Este texto de Alfonso Jesús Población apareció originalmente en el número 12 de la revista CIC Network (2012) y lo reproducimos en su integridad por su interés.
Quedaban unos días para que cumpliera 42 años cuando fue encontrado muerto en su habitación con claros síntomas de envenenamiento. A su lado una manzana mordida. ¿Quién era aquel anodino tipo que poseía una medalla del Imperio Británico, una de las mayores distinciones del país? Se hicieron todo tipo de especulaciones, especialmente sobre su compleja vida personal, pero casi nadie fue consciente de lo que aquel hombre legó a la humanidad. Este año se celebra el centenario de su nacimiento, pero quizá tenga que pasar más tiempo para poder valorar con ecuanimidad sus decisivos trabajos.

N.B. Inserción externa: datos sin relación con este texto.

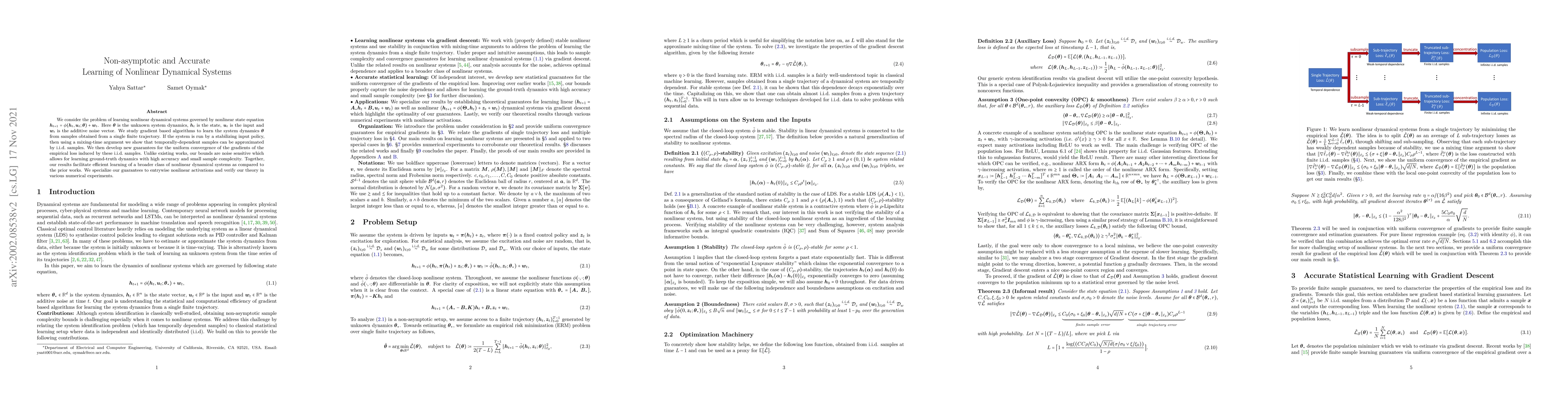 We consider the problem of learning stabilizable systems governed by nonlinear state equation $h_{t+1}=\phi(h_t,u_t;\theta)+w_t$. Here $\theta$ is the unknown system dynamics, $h_t $ is the state, $u_t$ is the input and $w_t$ is the additive noise vector. We study gradient based algorithms to learn the system dynamics $\theta$ from samples obtained from a single finite trajectory. If the system is run by a stabilizing input policy, we show that temporally-dependent samples can be approximated by i.i.d. samples via a truncation argument by using mixing-time arguments. We then develop new guarantees for the uniform convergence of the gradients of empirical loss. Unlike existing work, our bounds are noise sensitive which allows for learning ground-truth dynamics with high accuracy and small sample complexity. Together, our results facilitate efficient learning of the general nonlinear system under stabilizing policy. We specialize our guarantees to entry-wise nonlinear activations and verify our theory in various numerical experiments
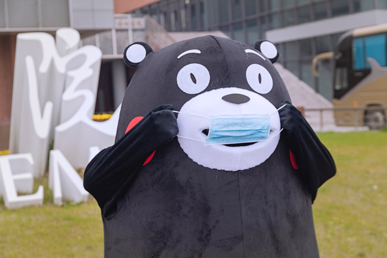 熊本熊由动画专业同学轮替扮演,熊孩子的一举一动都萌翻了大家,吸引了同学们和在校园值班的老师纷纷前来留影。在特殊时期,这样一份快乐更显得尤为宝贵。
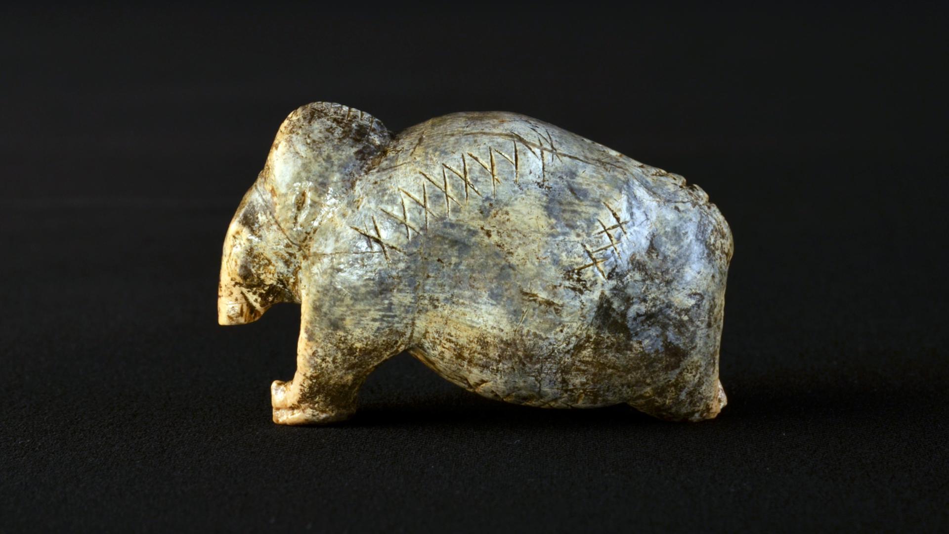 Die Mammut-Figurine aus der Vogelherd-Höhle ist etwa 40.000 Jahre alt und trägt auf ihrer Oberfläche mehrere Reihen von Kreuzen und Punkten. Foto: Universität Tübingen / Hildegard Jensen

Alan Mathison Turing nació en el barrio londinense de Paddington el 23 de junio de 1912, durante un permiso de trabajo de su padre, funcionario británico en la India. Unos meses después, sus padres deben regresar a aquel país, decidiendo que sus dos hijos permanecieran en Inglaterra pensando en que su salud no se resintiera con las asfixiantes temperaturas de Madrás. Quedan bajo la tutela del matrimonio Ward, un coronel retirado y su esposa, de férrea ideología victoriana, en un pequeño pueblo costero del sureste del país, a 90 km. de Londres.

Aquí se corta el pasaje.